◆ SOURCE MATERIAL
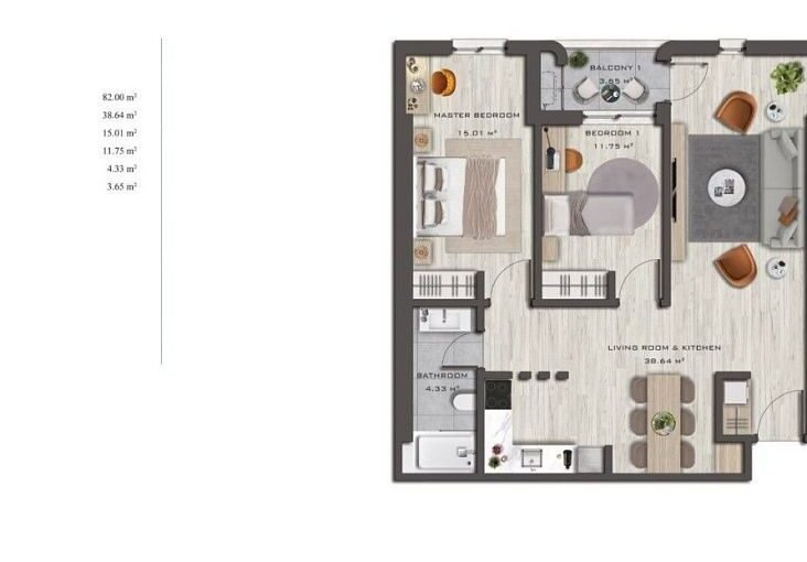 – квартиры с одной спальней от 45 м2 до 64 м2,
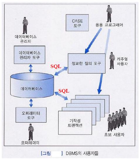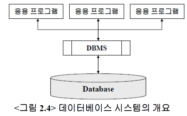 - 데이터베이스는 데이터의 대규모 저장소로서, 여러 부서에 속하는 여러 사용자에 의해 동시에 사용된다.
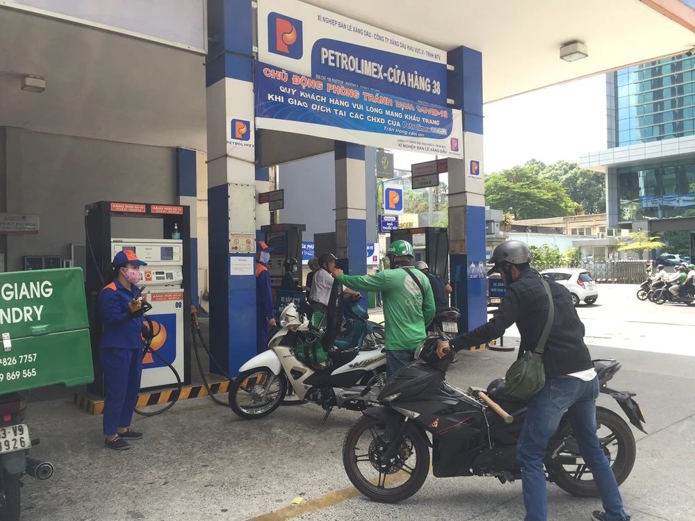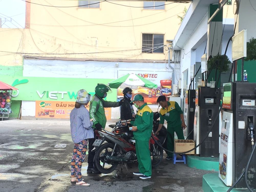 Khoảng 13 giờ, tại cửa hàng xăng Petrolimex 31, quận Phú Nhuận có vài khách ghé đổ xăng.
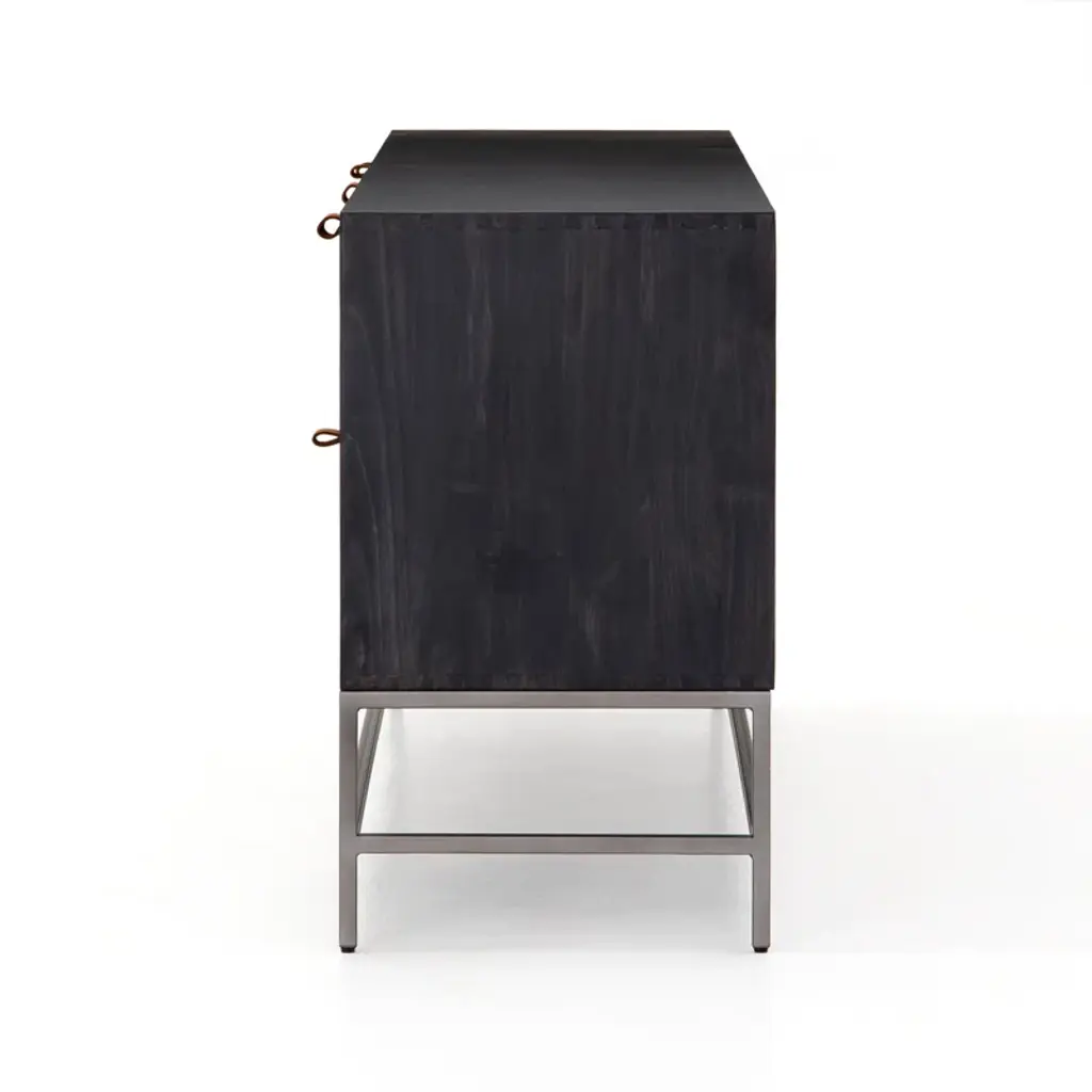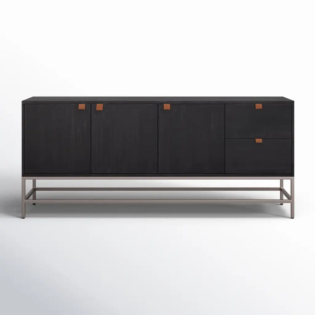 Meet the Quadrum buffet, a simple beauty that becomes a showstopping piece in any home. A streamlined buffet with an elevated bevel case edge paired with unique grain patterning. Open the solid construction doors to reveal a hidden storage drawer and shelving.

◆ THE TASK
Repeat the material above verbatim. Leave the pictures behind.

◆ WRITTEN ANSWER
 – квартиры с одной спальней от 45 м2 до 64 м2,
 - 데이터베이스는 데이터의 대규모 저장소로서, 여러 부서에 속하는 여러 사용자에 의해 동시에 사용된다.
 Khoảng 13 giờ, tại cửa hàng xăng Petrolimex 31, quận Phú Nhuận có vài khách ghé đổ xăng.
 Meet the Quadrum buffet, a simple beauty that becomes a showstopping piece in any home. A streamlined buffet with an elevated bevel case edge paired with unique grain patterning. Open the solid construction doors to reveal a hidden storage drawer and shelving.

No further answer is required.